We know with dietary perturbations,
quite often you'll see a really rapid change to the gut microbiome and then this it's almost like a memory where it snaps back to this something that's very similar to the original state even though the diet remains different and so there's this incredible what we refer to as resilience of the gut microbiome and and resistance to change or at least resistance to establishing a new stable state
So that doesn't mean it's hopeless to change an unhealthy microbiome to a healthy microbiome, but it does mean that we need to think carefully about restructuring these communities in ways where we can achieve a new stable state that will resist the microbial community getting pulled back to that original state.
And one of the kind of simplest and nicest examples of this is an experiment that we performed with mice, where we're feeding mice a normal mouse diet, a lot of nutrients there for the gut microbiota, things like dietary fiber.

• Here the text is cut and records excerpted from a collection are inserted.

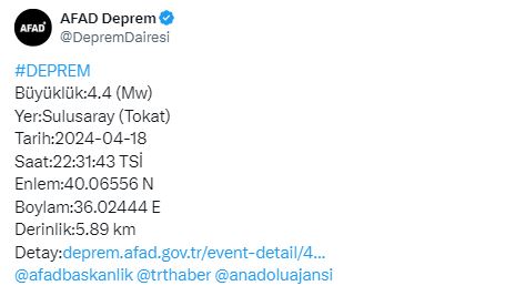 Afet ve Acil Durum Yönetimi (AFAD) Başkanlığı'nın sosyal medya hesabından yapılan paylaşıma göre, saat 22.31'de merkez üssü Sulusaray ilçesi olan 4,4 büyüklüğünde sarsıntı kaydedildi.
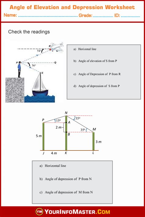 Worksheet Angle Of Elevation And Depression
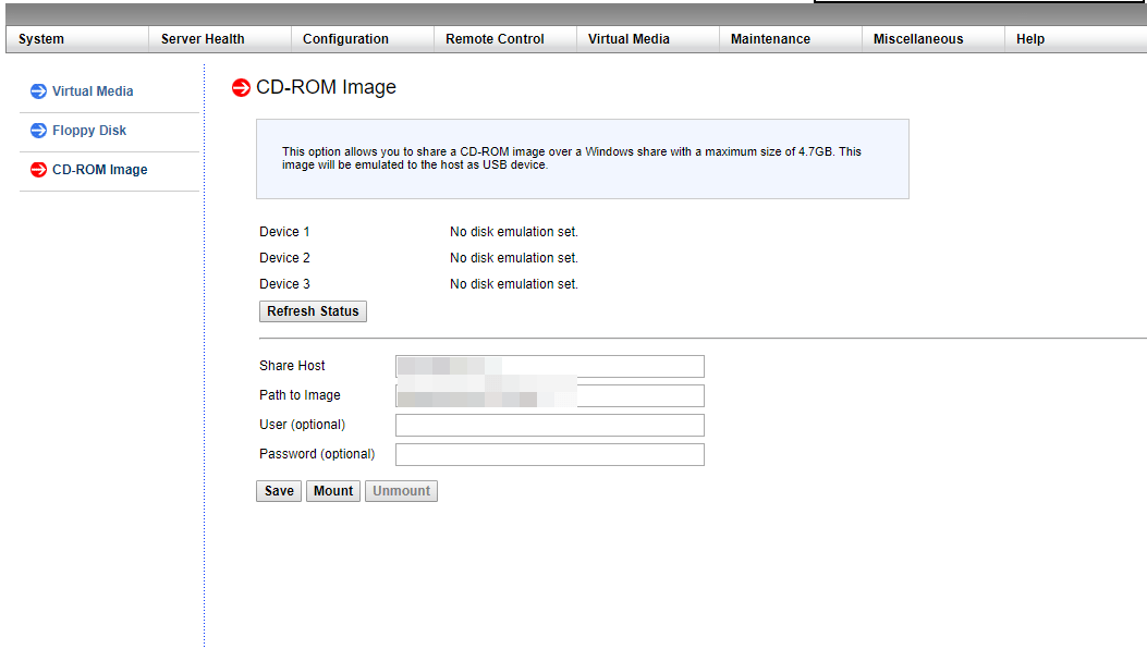 У меня iso образы ОС хранятся на сервере Samba в той же подсети что и интерфейсы IPMI серверов. Я указываю адрес сервера Samba, путь к образу установочному ISO с ОС, после чего монтирую ISO образ и приступаю к установке операционной системы.
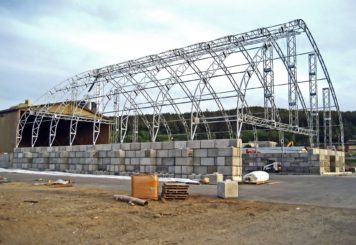 on an engineered, 5-block high (12’-6 overall height) Lock-Block wall. The exclusive MegaDome® motorized continuous ridge vent provides controlled ventilation.
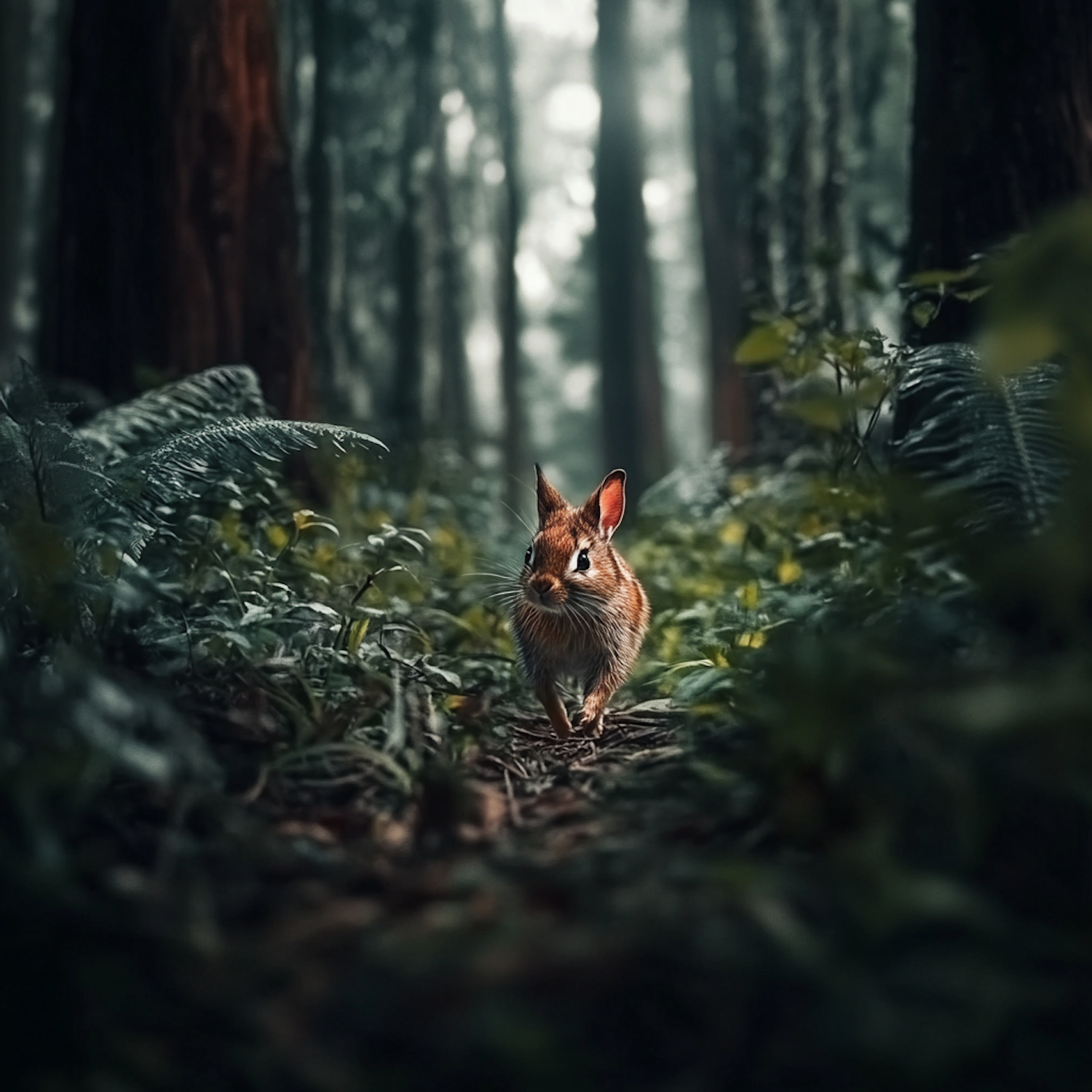 A curious rabbit explores a lush, green forest, surrounded by ferns and tall trees, in a serene and natural setting.
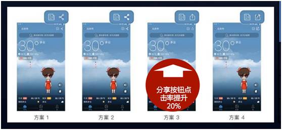 用墨迹天气这个案例来说一下我们做的这个事情的价值,更重要的是让大家明白我们的技术是怎么帮助企业提升商业价值的。比如试着把分享按钮做了几个不同的版本,对比原始版本,看哪个更好。
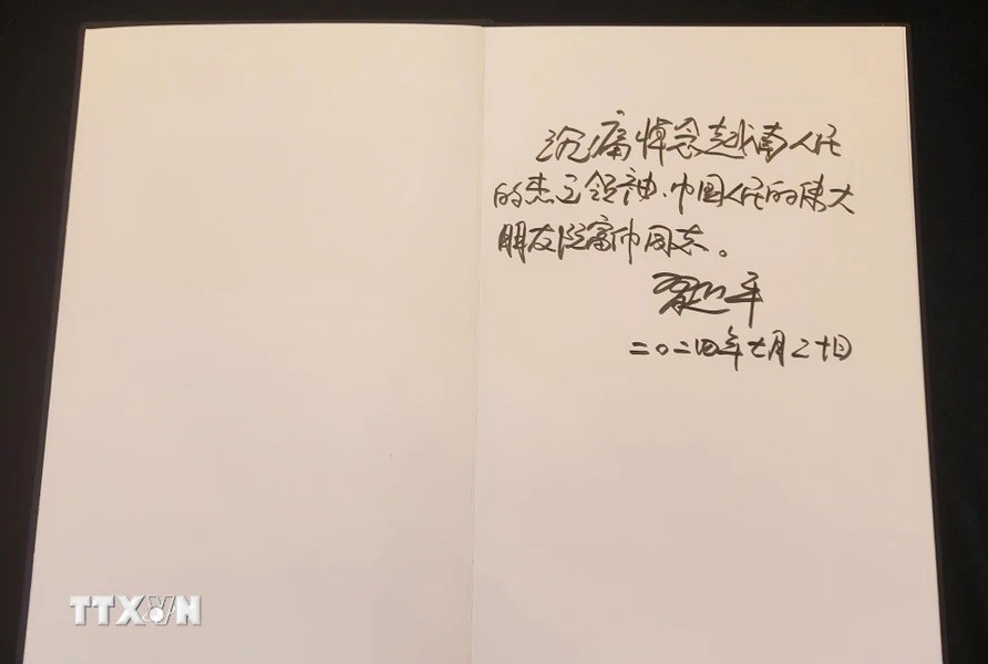 | Tổng Bí thư, Chủ tịch Trung Quốc Tập Cận Bình ghi dòng chữ trong Sổ tang: "Vô cùng thương tiếc đồng chí Nguyễn Phú Trọng, lãnh tụ kiệt xuất của nhân dân Việt Nam, người bạn vĩ đại của nhân dân Trung Quốc". Ảnh: Thành Dương/PV TTXVN tại Trung Quốc |
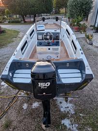 Vendo barca open baruffaldi 600, modello da pesca (pochissimi esemplari) con sponde più alte. La barca è sempre stata tenuta molto bene, visibile e disponibile per qualsiasi prova. Di seguito un elenco degli interventi effettuati: Verniciatura completa esterni, teak sintetico, rifacimento specchio di poppa rinforzato per motore piede XL, impianto elettrico completo, illuminazione interna completa, pozzetto, perimetrale e nei gavoni, pompa sentina, serbatoio acqua dolce 60 litri, serbatoio benzina 120lt, portacanne, tendalino a 4 pali, copri console in tessuto sunbrella, impianto stereo completo, bitte a scomparsa centrali, cruscotto in carbonio, radio bossmarine bluetooth, timoneria idraulica nuova 300cv 2024, motore optimax 150cv in perfetto stato manutentivo. Cuscineria completa, sistema di aggancio per prendisole allungabile, tendalino completo che copre tutta la barca. Carena portata a 0 nel 2024 con trattamento anti osmosi. Si vende per passaggio ad imbarcazione 8 metri. No perditempo, affaristi, sognatori. Disponibile per info e foto
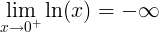 Limita blízká 0 přirozeného logaritmu x, když se x blíží nule, je minus nekonečno:
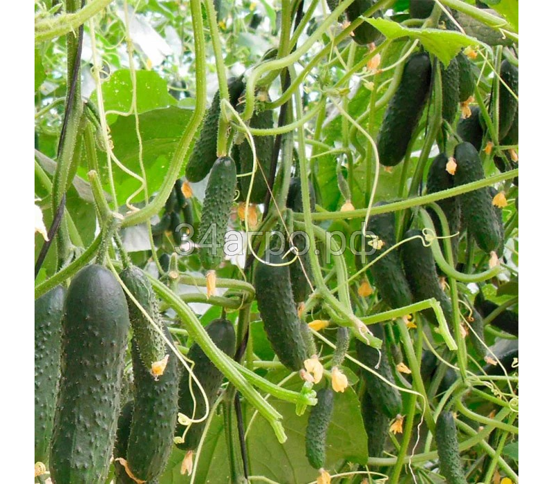 Плоды темнозеленые с блеском, крупнобугорчатые по всей длине, однородные по форме в течение всего периода вегетации, не “бочкуются” при перерастании, держит цветочек. Характерна высокая послеуборочная сохранность плодов, которая позволяет им превосходно выдерживать транспортировку на дальние расстояния.
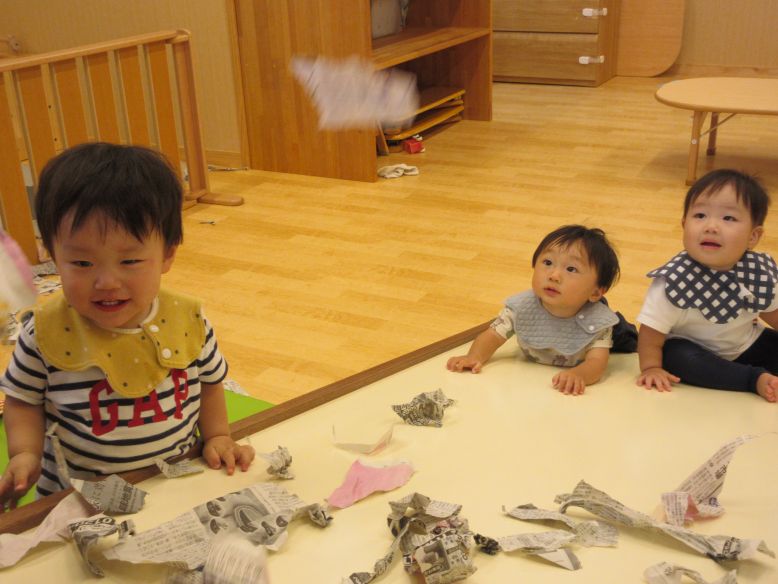 またシフォンスカーフを使ってふれあい遊びを楽しむ姿もあります。保育士が「上から下から大風こーいこいこいこい」といった歌を歌って頭に被せいないいないばあっを楽しむと保育士に笑顔を見せてくれます。
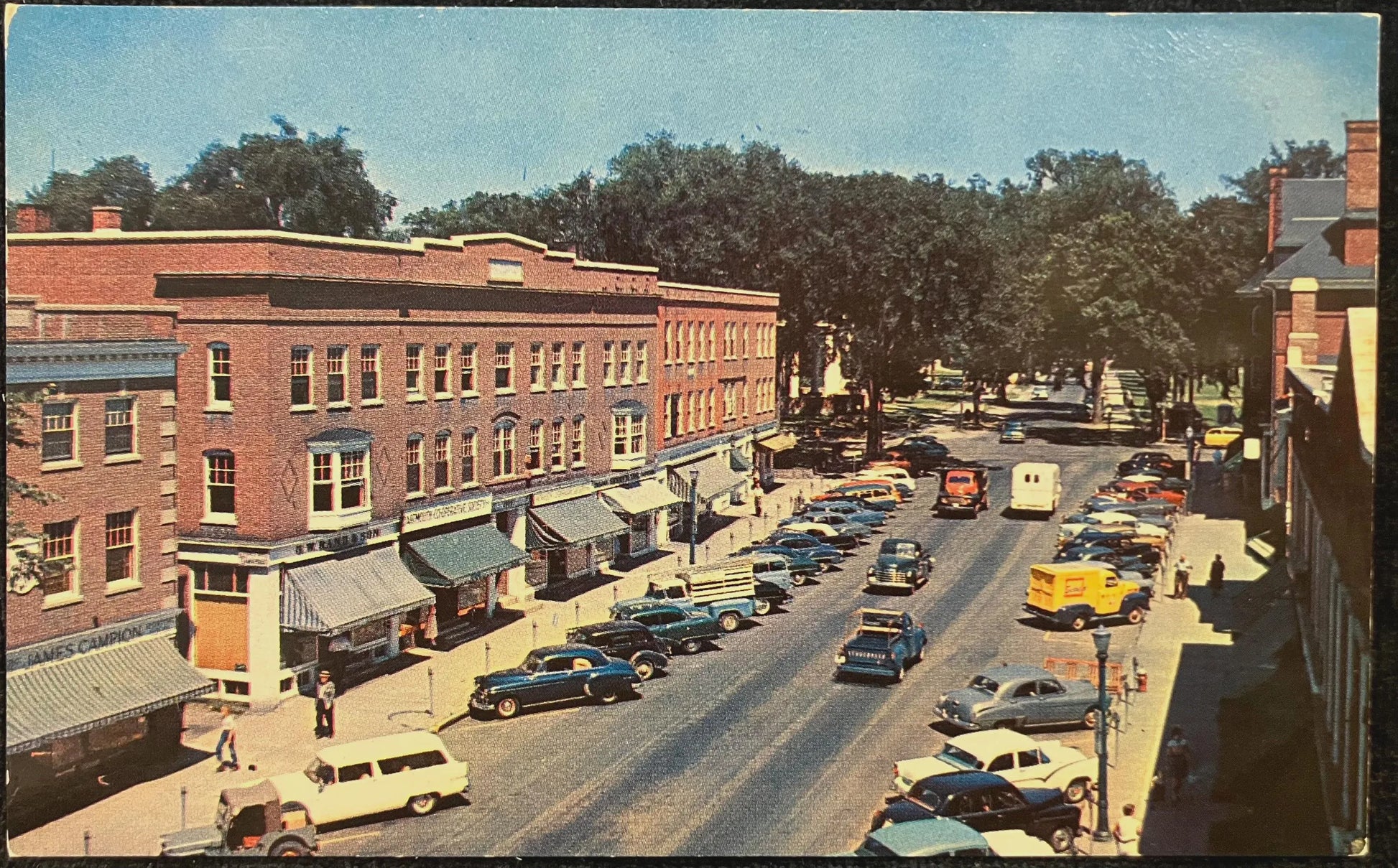 Back: Hanover and Dartmouth College are an ideal combination of a fine New Hampshire town and a strong New Hampshire college. Shown here is the pleasant Main Street with its business section.
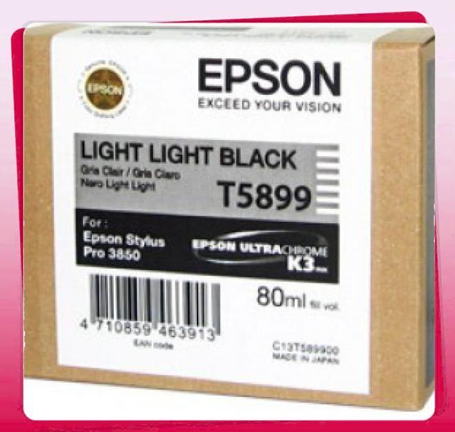 Mã mực: EPSON T589900 LIGHT LIGHT BLACK INK CARTRIDGE (C13T589900) Loại mực: In phun màu đen nhạt Dung lượng: 80 ml Bảo hành: Chính hãng Giao hàng: Miễn phí EPSON STYLUS PRO 3850
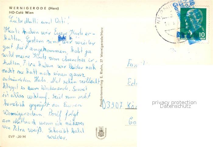 73163522 alte Postkarte Wernigerode Harz HO Cafe Wien postalisch gelaufen Erhaltung siehe scans [WerneD78] KatCode: 11110015085370
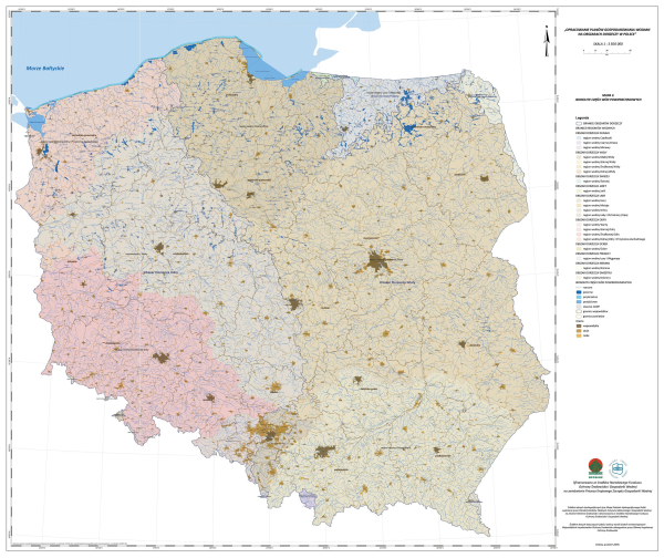 * Mapa nr 1. Granice obszarów dorzeczy i regionów wodnych
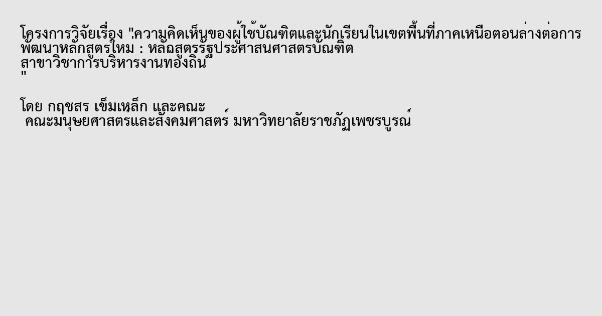 ความคิดเห็นของผู้ใช้บัณฑิตและนักเรียนในเขตพื้นที่ภาคเหนือตอนล่างต่อการพัฒนาหลักสูตรใหม่ : หลักสูตรรัฐประศาสนศาสตรบัณฑิต สาขาวิชาการบริหารงานท้องถิ่น
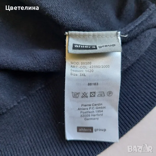 Pierre Cardin original, в тъмно син цвят, размер 3XL в отлично състояние. Обличан 2-3 пъти, изпран, без никакви забележки. Изключително мек, еластичен, удобен. Дължина от рамо 75 см. Ширина под мишница 69 см. Дължина ръкав 66 см. Доставка с опция прегред с Еконт
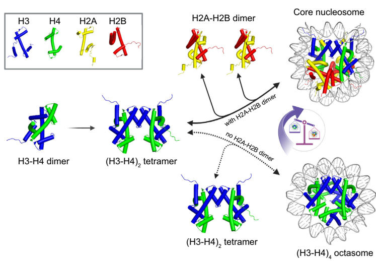 图1 经典核小体(H2A-H2B-H3-H4八聚体)与“古核小体”(H3-H4八聚体)组装的平衡模型
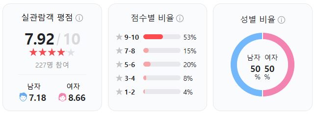 - "감정선이 잘 전달되어서 몰입감이 좋았다."
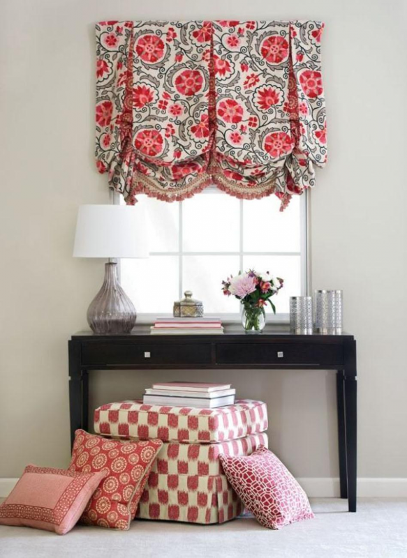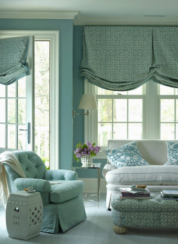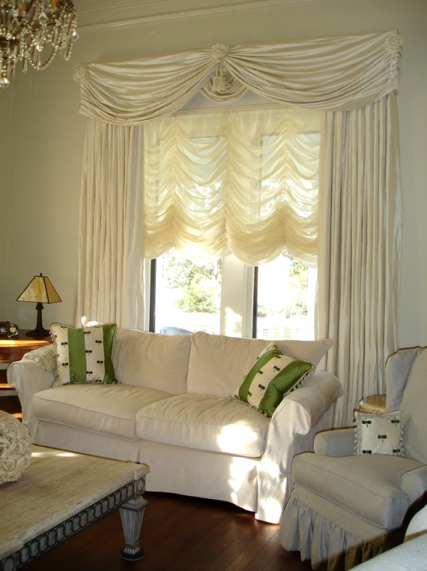 В гостиной, зале и кабинете «австрийки» будут так же к месту, как и на кухне. И если в первом случае они шьются в основном из простых материалов (например, из хлопка), то на этот раз не грех будет подобрать более представительные ткани – батист, тафту, органзу, муар.
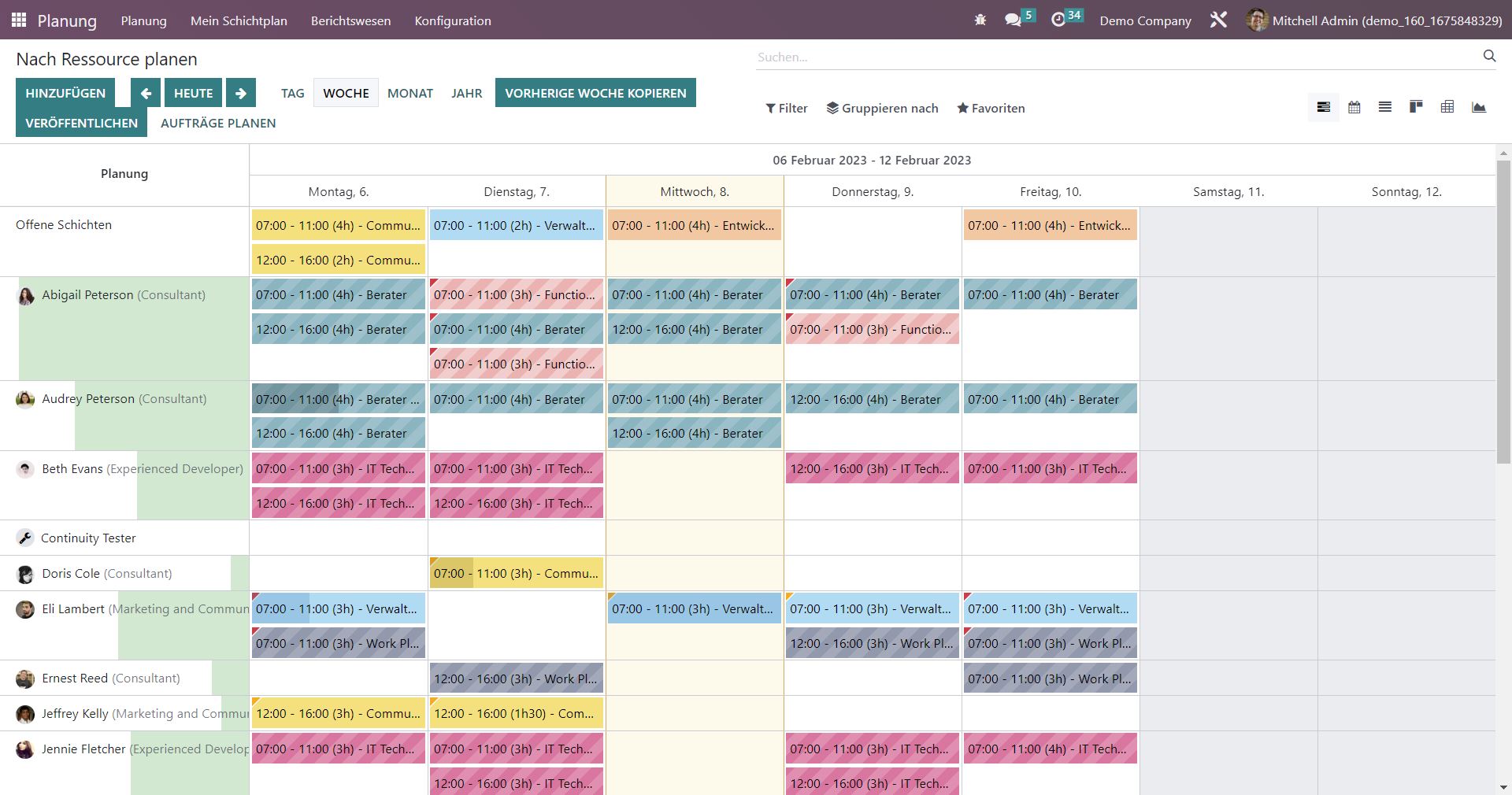Verleihe deiner Projektkoordination und -organisation Einfachheit mit dem Planungsmodul von Odoo. Verwalte die Zeitpläne deiner Mitarbeiter, prognostiziere Projekte und koordiniere Teams mit Leichtigkeit. Definiere unterschiedliche Arbeitszeiten und Schichten und weise sie einfach per Drag-and-drop deinen Mitarbeitern zu.
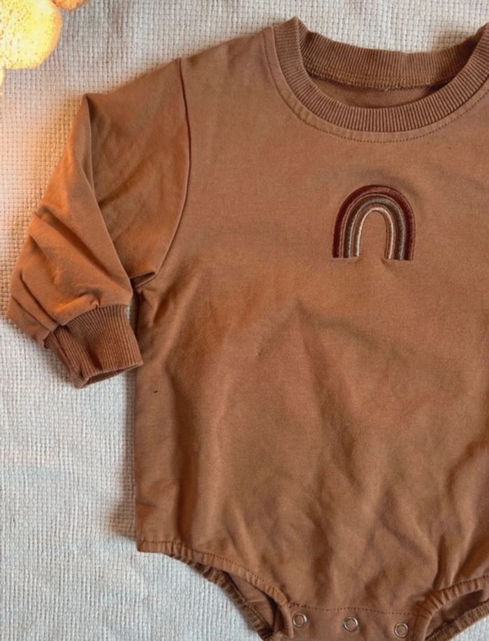 Barboteuse sweat-shirt marron mixte 74 - photo numéro 3

And we switched those mice, half the mice, to a low fiber diet.
And we were basically asking the question that, you know, if you switch to kind of a Western-like diet, a low fiber, higher fat diet, what happens to the gut microbiota?
And we saw the microbiota change, it lost diversity.
It was very similar to what we see in the difference between industrialized and traditional populations.
But when we brought back a healthy diet, a lot of the microbes returned, you know, it was fairly, you know, there was this kind of memory where it went back to very similar to its original state.
The difference is that when we put the mice on the low fiber, high fat diet, and then kept them on that for multiple generations, we saw this progressive deterioration over the course of generations where by the fourth generation, the gut microbiome was a fraction of what it originally was.
Let's say 30% of the species only remained something like 70% of the species had gone extinct or appeared to have gone extinct.
we then put those mice back onto a high fiber diet and we didn't see recovery.